[Problem to work on]: Only one span is wanted from the lines below: from the one with "Texturerad yta som" up to and including the one with "TI CAE DIVI". Copy it exactly, without images.
======== Extracted data ========
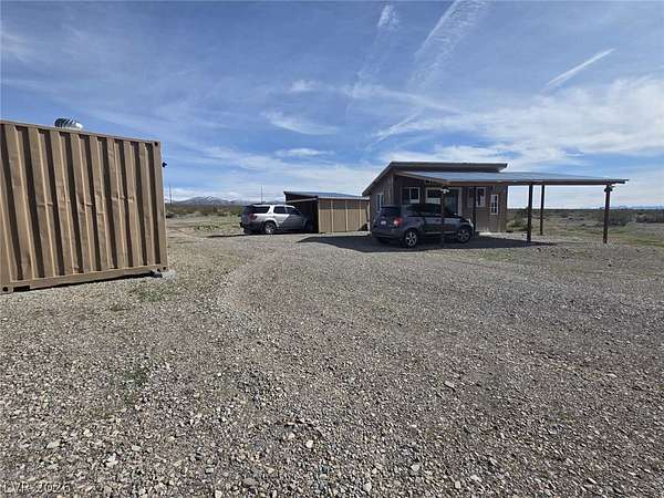 10 Acres, Hilltop Privacy, Massive Views Ready-to-Use Off-Grid Set Up. Perched on hillside overlooking the Pahrump Valley, this fully fenced, gated 10-acre property offers panoramic 360° views, exceptional privacy, and immediate usability. Conveniently located just 8 minutes from Walmart and 50-minute drive from Las Vegas — ideal for commuters or a private retreat. NO HOA. Easy road access. Thousands already invested in off-grid improvements: solar-powered insulated office shed with mini-split AC, long graveled driveway, prepared house pad, open-ended garage structure, and fully fenced secure locking gated entry. Move in ready use land immediately without starting from scratch. Priced below comparable acreage within commuting distance of Las Vegas. Ideal for pilots or aviation enthusiasts — pair with a nearby hangar lot at Calvada Meadows Airport less than 2 miles away. Approx 15 minutes from the proposed Spaceport, increasing future land value. NO OWNER FINANCING, CASH ONLY
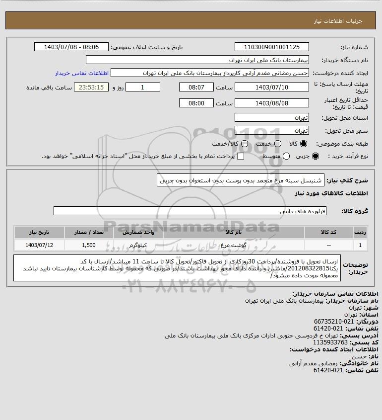 نام سازمان خریدار: بیمارستان بانک ملی ایران تهران
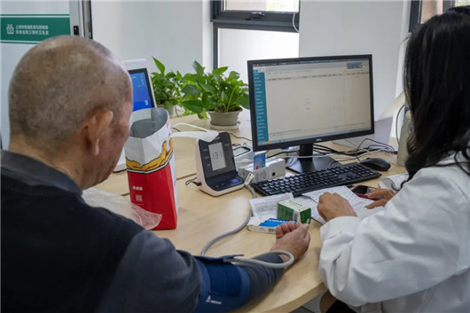 “现在我们这里老年人量了血压都会实时联网上传到系统中,我们系统也会跟踪记录每一位病患的健康数据。”记者在现场看到,除了联网的健康测量设备外,墙上也详细记录了社区高血压、糖尿病等老年人常见病以及65岁以上老年人的管理人数。
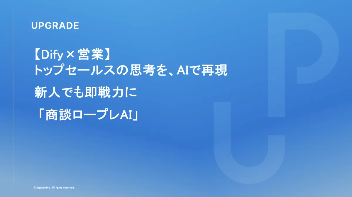 「商談ロープレAI」に関する詳細な情報やお申込みは、株式会社アップグレードの公式ウェブサイトをご参照ください。
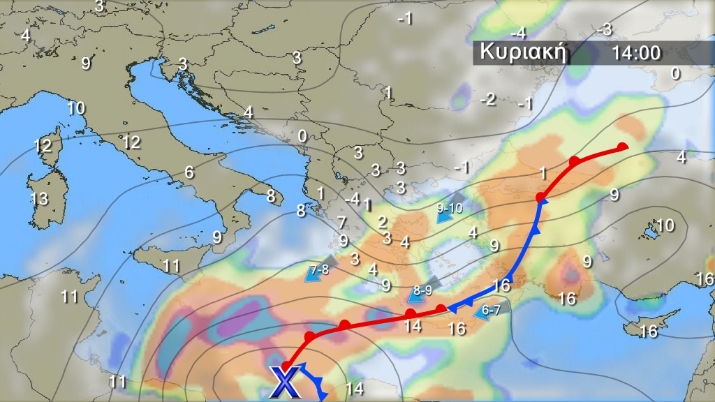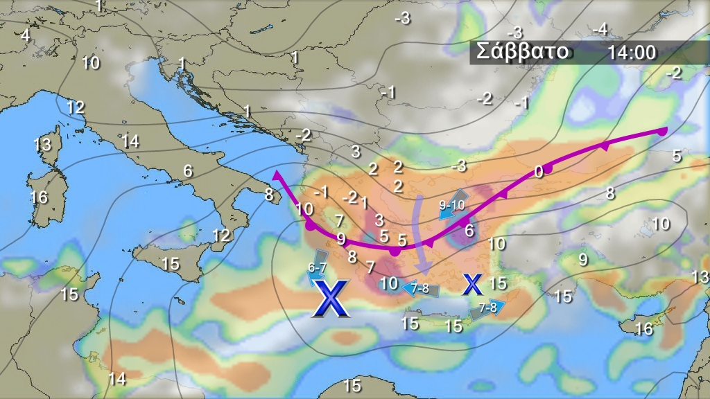 Ραγδαία η αλλαγή του καιρού από σήμερα, Παρασκευή. Το Σαββατοκύριακο θα οργανωθεί ισχυρό χαμηλό στο νότιο Αιγαίο που θα προκαλέσει πτώση της θερμοκρασίας κατά 10 με 12 περίπου βαθμούς και θα έχουμε 8 με 9 και τοπικά ακόμη και 10 μποφόρ με βοριάδες στο Αιγαίο και χιόνια σε ορεινά ημιορεινά αλλά και σε περιοχές με χαμηλότερο υψόμετρο.
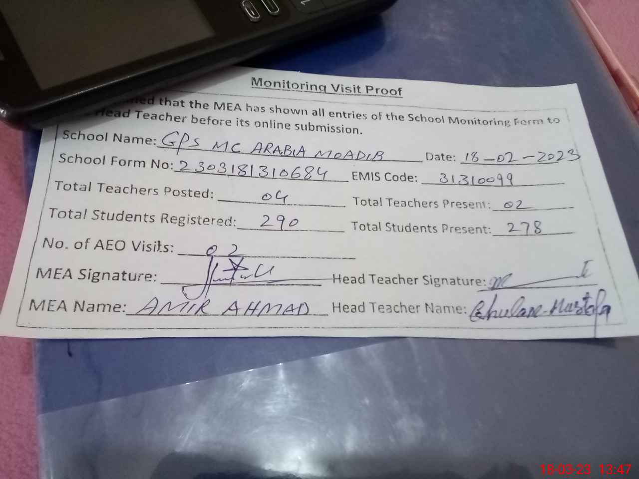| Attendance Register | Head Teacher | MEA with School | Visit Proof |
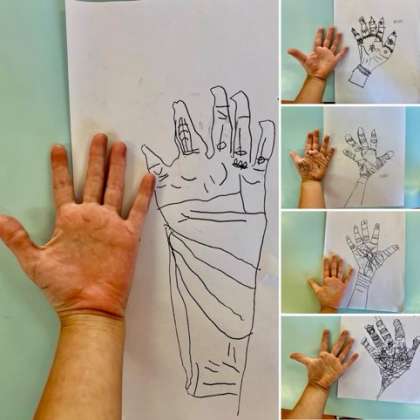 スケッチをしたよ 公開日 2024/10/21 更新日 2024/10/21 きょうのようちえん 5歳児が自分の手のスケッチをしました。 毎日見ている自分の手ですが、よく見ると…「しわしわがいっぱいある!」「線のところでグギッとするねん」と気づきがいっぱい! 身の回りの物をじっと見てみると、まだまだ発見がありそうですね♪ いいね(0)
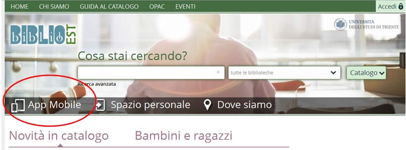 Per scaricare la App del catalogo Biblioest, cliccare sull'icona App Mobile della home page
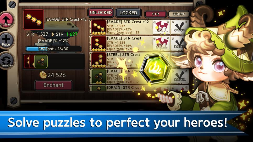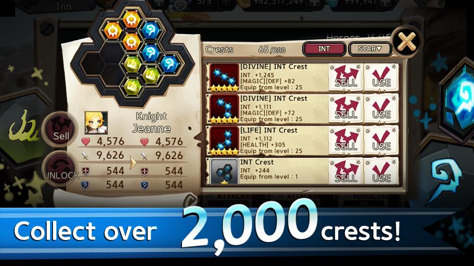 Collect and combine infinite number of crests to craft your own heroes to the way you want to.
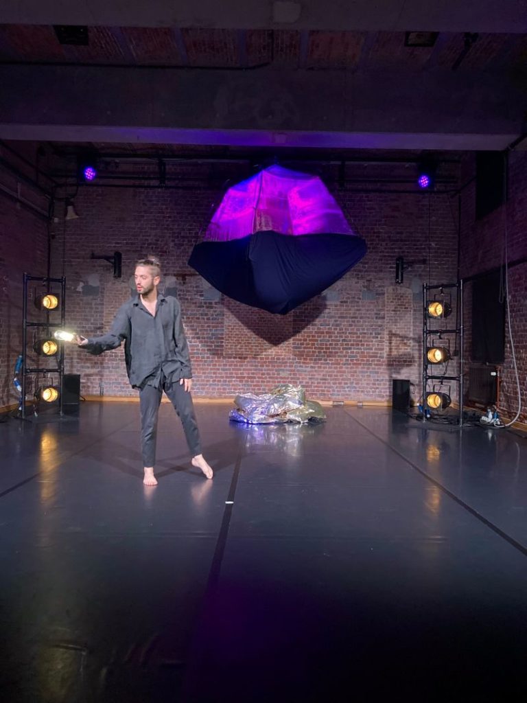 À travers ce solo à deux corps (interprété en alternance par Dounia et Florian) KêR présente une danse où scénographie textile, lumière et corps fusionnent pour amener les spectateur·ices de tout âge dans un imaginaire poétique. La tente réinterprétée comme objet central du dispositif scénique, devient tour à tour abri, peau, personnage et territoire en mouvement.
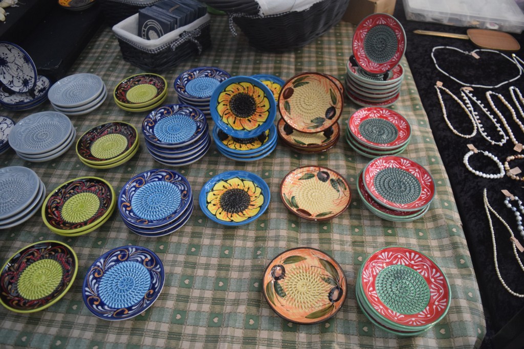 I began my way back up the other side of the road at 1.10pm: Slow Toad Candles were also selling postcards – and were next to a sweet potato spirit stall advertising ‘toffee apple moonshine’, designer leg wear was between that one and a slightly odd natural plant medicines one – and the bloke behind it seemed to be discussing blow jobs with a customer. The Little Garlic Plate was selling very pretty plates that seemed to be an old Spanish idea (they’re ridged – so rubbing stuff on it grates the substance), and I was right next to a cash point and couldn’t restrain myself; and I had a chat to the man running it – who said a Spanish company makes them for him and uses little wheels to make the ridges.
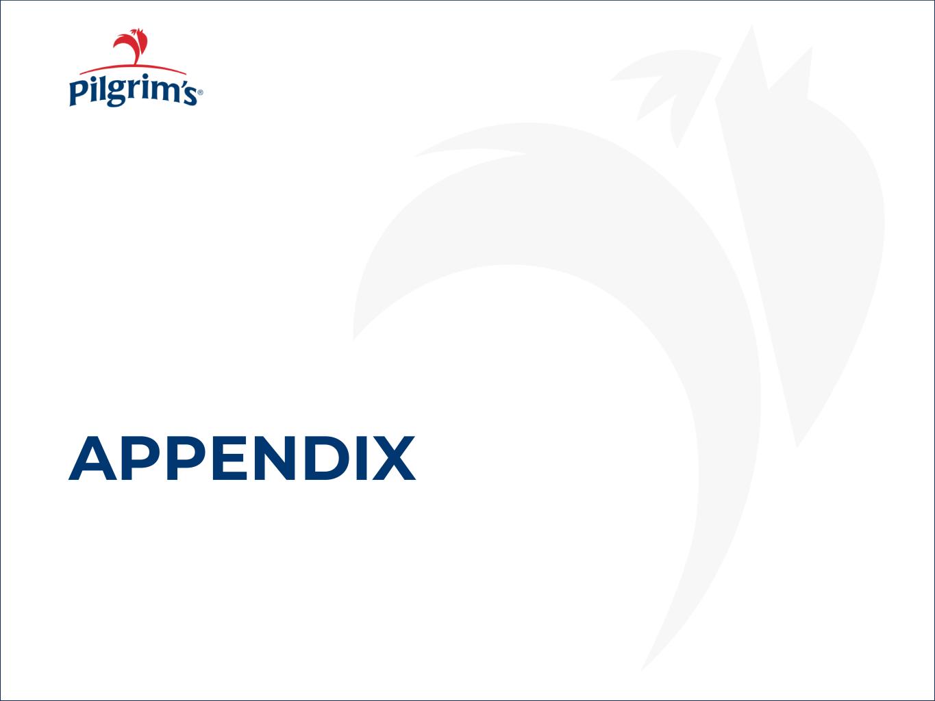 Appendix: Reconciliation of GAAP Operating Income Margin to Adjusted Operating Income Margin 26 Adjusted Operating Income Margin for each of our reportable segments is calculated by dividing Adjusted operating income by Net Sales. Management believes that presentation of Adjusted Operating Income Margin provides useful supplemental information about our operating performance and enables comparison of our performance between periods because certain costs shown below are not indicative of our current operating performance. A reconciliation of GAAP operating income margin for each of our reportable segments to adjusted operating income margin for each of our reportable segments is as follows: PILGRIM'S PRIDE CORPORATION Reconciliation of GAAP Operating Income Margin to Adjusted Operating Income Margin (Unaudited) Three Months Ended Year Ended December 28, 2025 December 29, 2024 December 28, 2025 December 29, 2024 (In percent) GAAP operating income margin, U.S. operations 4.4 % 7.9 % 10.6 % 10.5 % Litigation settlements 3.0 % 3.6 % 1.5 % 1.5 % Inventory write-down as a result of hurricane — % — % — % 0.1 % Adjusted operating income margin, U.S. operations 7.4 % 11.5 % 12.1 % 12.1 % Three Months Ended Year Ended December 28, 2025 December 29, 2024 December 28, 2025 December 29, 2024 (In percent) GAAP operating income margin, Europe operations 6.0 % 5.5 % 5.1 % 3.3 % Restructuring activities losses 0.7 % 0.9 % 0.5 % 1.8 % Adjusted operating income margin, Europe operations 6.7 % 6.4 % 5.6 % 5.1 % Three Months Ended Year Ended December 28, 2025 December 29, 2024 December 28, 2025 December 29, 2024 (In percent) GAAP operating income margin, Mexico operations 1.0 % 6.4 % 7.9 % 10.6 % No adjustments — % — % — % — % Adjusted operating income margin, Mexico operations 1.0 % 6.4 % 7.9 % 10.6 % Source: PPC
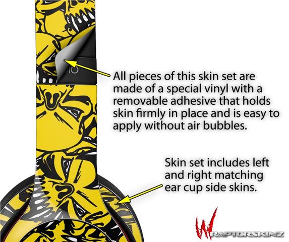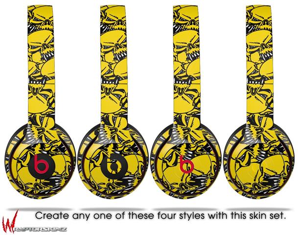 WraptorSkinz Skin Decal Wrap compatible with Beats Solo 2 WIRED Headphones Scattered Skulls Yellow Skin Only (HEADPHONES NOT INCLUDED)
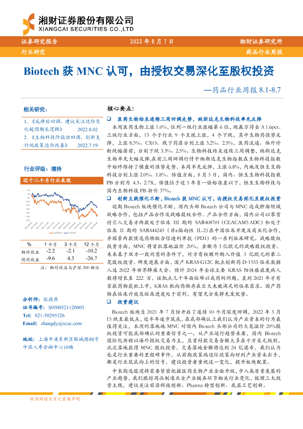 【湘财证券】【20220807】药品行业周报:Biotech获MNC认可,由授权交易深化至股权投资-17页
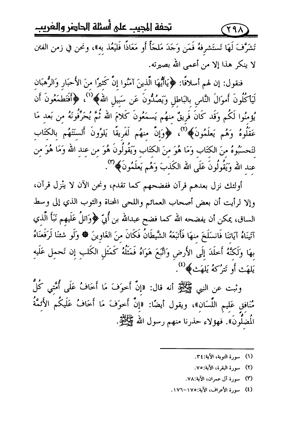 فنقول: إن لهم أسلافًا: {ياأيّها الّذين آمنوا إنّ كثيرًا من الأحبار والرّهبان ليأكلون أموال النّاس بالباطل ويصدّون عن سبيل الله (¬1)}، {أفتطمعون أن يؤمنوا لكم وقد كان فريق منهم يسمعون كلام الله ثمّ يحرّفونه من بعد ما عقلوه وهم يعلمون (¬2)}، {وإنّ منهم لفريقًا يلوون ألسنتهم بالكتاب لتحسبوه من الكتاب وما هو من الكتاب ويقولون هو من عند الله وما هو من عند الله ويقولون على الله الكذب وهم يعلمون (¬3)}.
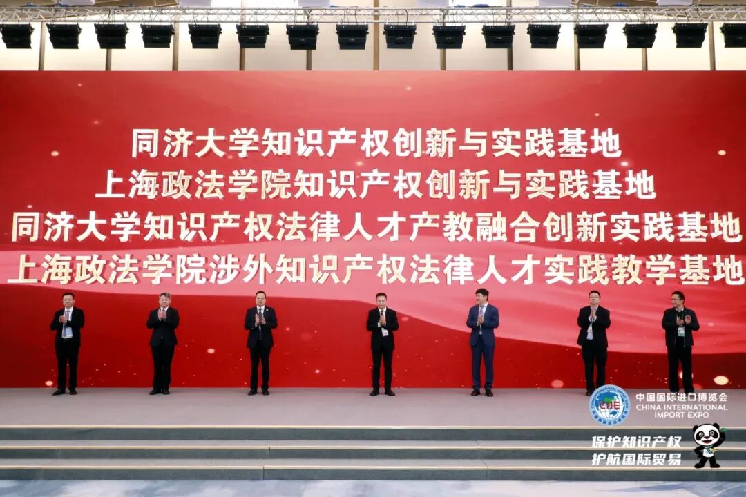 随后,与会领导共同为同济大学、上海政法学院在进博会和虹桥国际中央法务区设立的“知识产权创新实践基地”揭牌,标志着高校科研资源与进博会实践场景、虹桥国际中央法务区法律资源的深度融合,为复合型、应用型知识产权人才培养奠定基础。
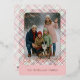 This holiday card stands out with its elegant and unique design. It features a timeless "Happy Holidays" greeting printed in real rose gold foil, customisable to your preference, on a light green, pink, and dark red plaid pattern design. The front offers space for your family name, photo, and a custom seasonal greeting, while the back is ideal for adding a personalised seasonal message or poem. It's a stylish way to send your holiday wishes.
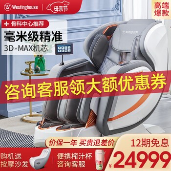美国西屋3D按摩椅S700采用先进的按摩技术,配备多种按摩手法和程序,能够模拟人手揉捏、推拿等多种按摩方式,给身体带来全面的舒适感受。无论是舒缓肌肉疲劳还是缓解压力,它都能够满足你的需求。而且,它还具备零重力功能,让你在享受按摩的同时感受到身心的完全放松。
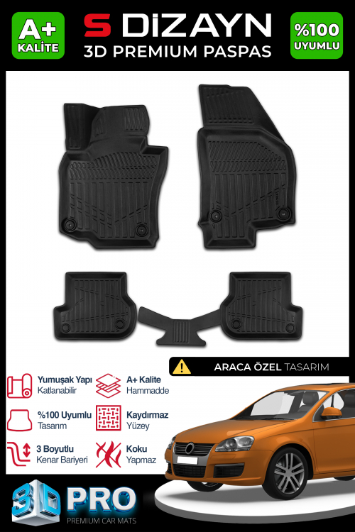 S-Dizayn VW Jetta 3D Pro Havuzlu Paspas 2008-2010 A+ Kalite
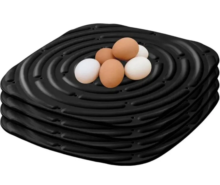 Texturerad yta som ökar friktionen och förhindrar att äggen rullar.
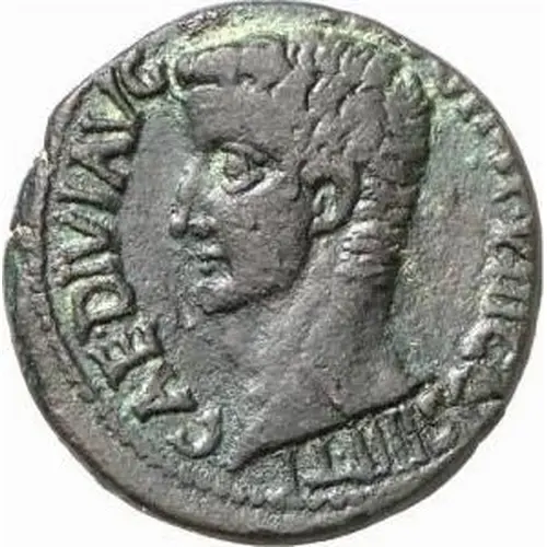 TI CAE DIVI AVG F AVG IMP VIII COS IIII (Translation: Tiberius Caesar, son of the divine Augustus, Augustus, imperator for the eighth time, consul for the fourth time) |
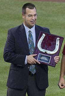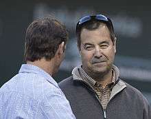 After college, Duquette's baseball coach, Bill Thurston, recommended him to Harry Dalton, a fellow Amherst alumnus and General Manager of the Milwaukee Brewers. Duquette became a scouting assistant for the Brewers and worked in the scouting department for 7 years.[6][7] In 1987, he was hired by the Montreal Expos as the Director of Player Development. He spent a few years in that position before being promoted to Vice President and General Manager in 1991 (taking over for the departing Dave Dombrowski). Over the course of his six years with the Expos, Duquette had a hand in drafting players like Rondell White, Marquis Grissom, Cliff Floyd, Jose Vidro, Kirk Reuter, Javier Vasquez, and many more Major League players. He also signed players like Vladimir Guerrero, John Wetteland, and Larry Walker.[7][8] In November 1993, Duquette traded second baseman Delino DeShields for Pedro Martinez of the Los Angeles Dodgers. The Expos were competitive from 1992 to 1994, and they had attained the best record in baseball prior to the 1994–95 Major League Baseball strike that ended the season prematurely.[6]
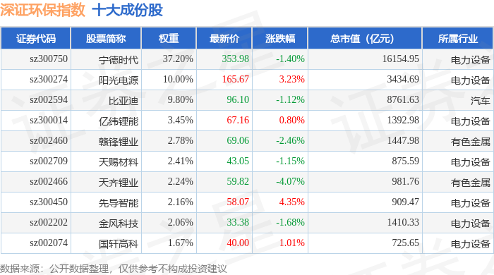 深证环保(399638)指数十大成份股详情如下:
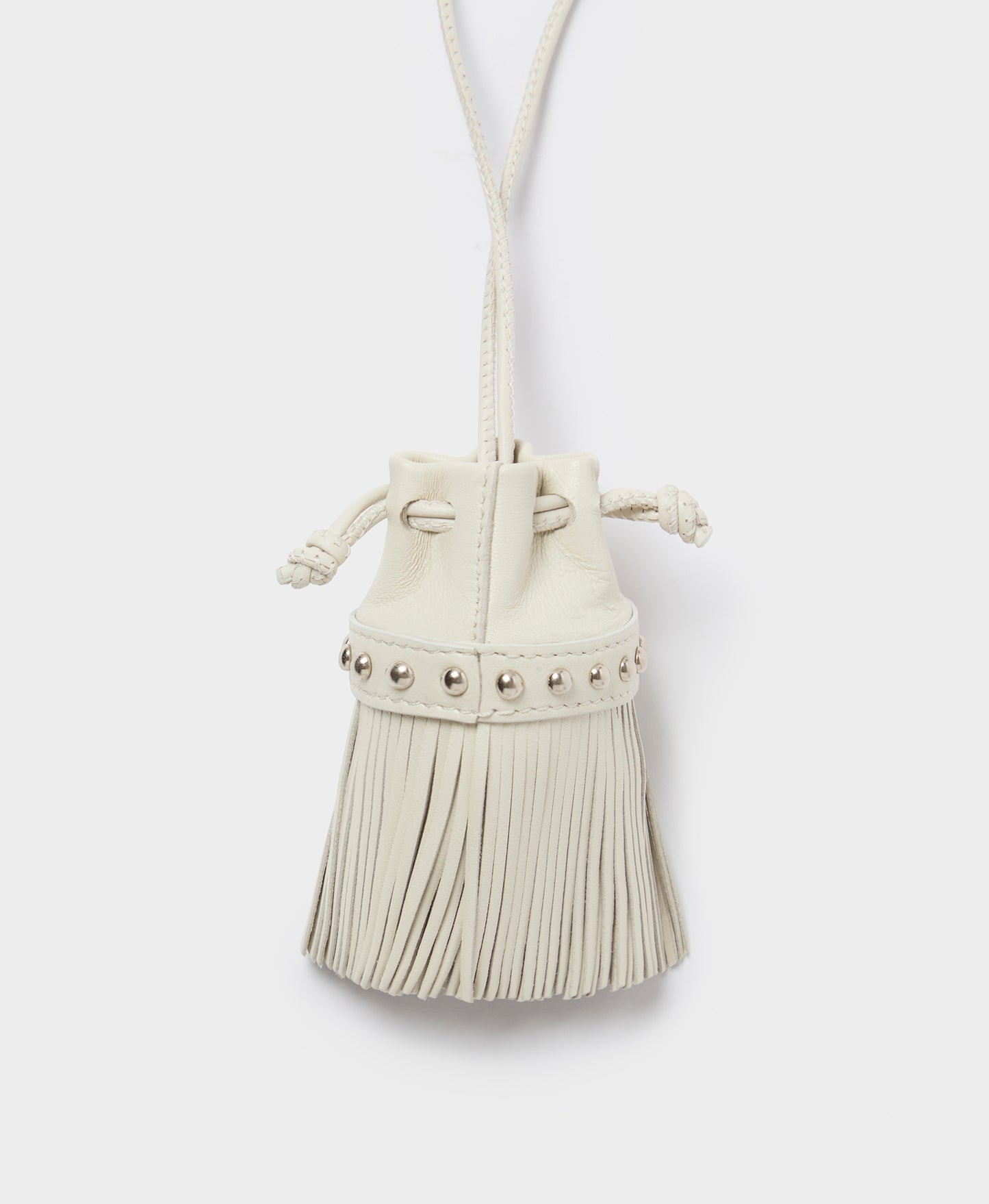 A scaled-down version of our Fringe Carnival bag, the cream miniature charm has a soft leather tubular cord and leather body with a working drawstring. It is the perfect accessory to be worn around the neck or hung on your favourite bag.
========
[Result of this task]:
 Texturerad yta som ökar friktionen och förhindrar att äggen rullar.
 TI CAE DIVI AVG F AVG IMP VIII COS IIII (Translation: Tiberius Caesar, son of the divine Augustus, Augustus, imperator for the eighth time, consul for the fourth time) |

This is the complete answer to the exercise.